Нагота | страница 29
Только этим и можно объяснить неполноценную любовь венецианцев к своему городу. Они не умеют и не могут его любить, потому что трудно любить мёртвого. Намного проще сделать вид, что город жив, прикрыть нежное, обескровленное тело гримом и украшениями и за деньги выставлять его напоказ туристам. В Венеции негоцианты торгуют не в храме, а в могилах; они оскорбляют не только жизнь, но и в первую очередь тело покойника. Или, точнее, тело того, кого они, не решаясь в этом признаться, считают покойником. А на самом деле это призрак, то есть – если правильно понимать данное состояние – нечто воздушное, изящное и настолько далёкое от трупа, насколько вообще можно себе представить.
Призрачность – это форма жизни. Жизни загробной или дополнительной, которая начинается тогда, когда всё кончено, и которая, следовательно, по сравнению с собственно жизнью обладает необычайной утончённостью и изысканностью завершённости, искусностью и точностью, присущей тому, кому больше ничего не предстоит. Именно такие создания научился видеть в Венеции Генри Джеймс (в своих рассказах о привидениях он сравнивал их с сильфидами и эльфами): они столь неприметны и неуловимы, что сами живые то и дело захватывают их жилища и врываются в их укрытия.
Но существует и призрачность иного вида, которую мы называем личиночной или зачаточной: она возникает у тех, кто не приемлет собственное состояние, пытается избавиться от него, всеми силами делая вид, что наделён весом и плотью. Эти личинки не могут жить в одиночестве и настойчиво ищут тех людей, чья нечистая совесть их породила. Они преследуют их, как дурные сны или кошмары, и изнутри управляют их бездыханными конечностями, дёргая за ниточки лжи.

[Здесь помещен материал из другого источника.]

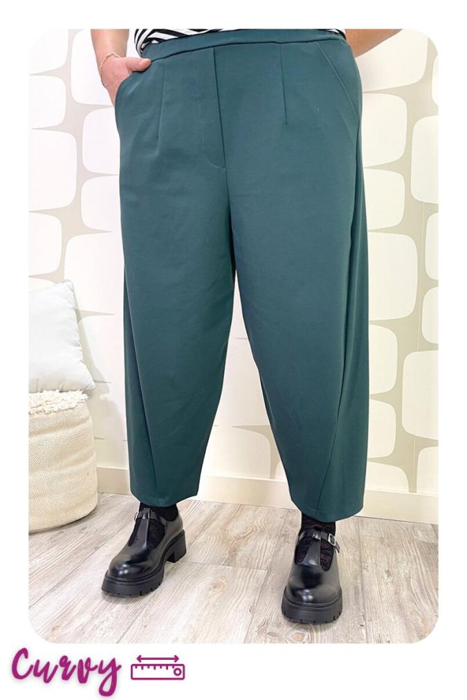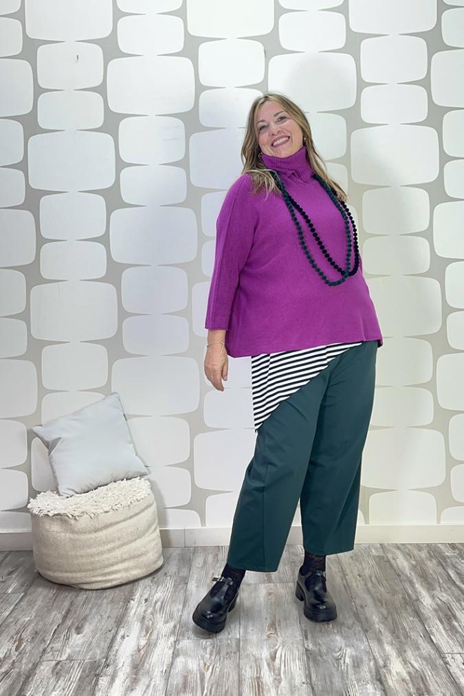 Pantalone con taglio del fianco obliquo che accompagna e slancia la gamba. Vita elasticizzata adattabile comodamente a più taglie e pratiche tasche laterali.

И если первый вид призраков совершенен, потому как им нечего больше прибавить к сказанному и сделанному, то личинкам приходится придумывать себе несуществующее будущее, чтобы в реальности освободить место для гнева в адрес собственного прошлого, неспособности принять свой конец.
Ингеборг Бахман однажды сравнила язык с городом, где есть и старый центр, и более современные районы, и окраины, и, наконец, кольцевые дороги и автозаправки, которые тоже являются частью города. Город и язык таят в себе одинаковую утопию и одинаковые руины: мы мечтаем о себе и теряем себя в своём городе так же, как и в родном языке, и оба они – всего лишь форма этой мечты и этой потерянности. Если сравнивать Венецию с языком, то жить в Венеции – то же самое, что учить латынь, пытаясь по слогам говорить на мёртвом языке, учась теряться и находить дорогу в узких закоулках склонений и в неожиданных проблесках супина и инфинитивов будущего времени. При этом нельзя забывать, что язык ни в коем случае не следует называть мёртвым, ибо ему всё ещё удаётся как-то с нами говорить, а мы в свою очередь на нём читаем; единственное, что кажется невозможным – или почти невозможным, – это представить себя в нём субъектом, тем, кто говорит «я». По сути, мёртвый язык, как и Венеция, – язык призрачный, на нём не говорят, но он по-своему пульсирует, подаёт знаки и шепчет, а мы, хотя и с трудом, не без помощи словаря, всё-таки понимаем и расшифровываем его. Но с кем же мёртвый язык разговаривает? К кому обращается призрак языка? Конечно, не к нам, но и не к своим собеседникам из далёких времён, коих он уже и не помнит. Однако именно поэтому кажется, будто он заговорил впервые: сей язык, о котором философ – не осознавая, что тем самым подчёркивает его призрачную сущность – сказал: он говорит – не мы.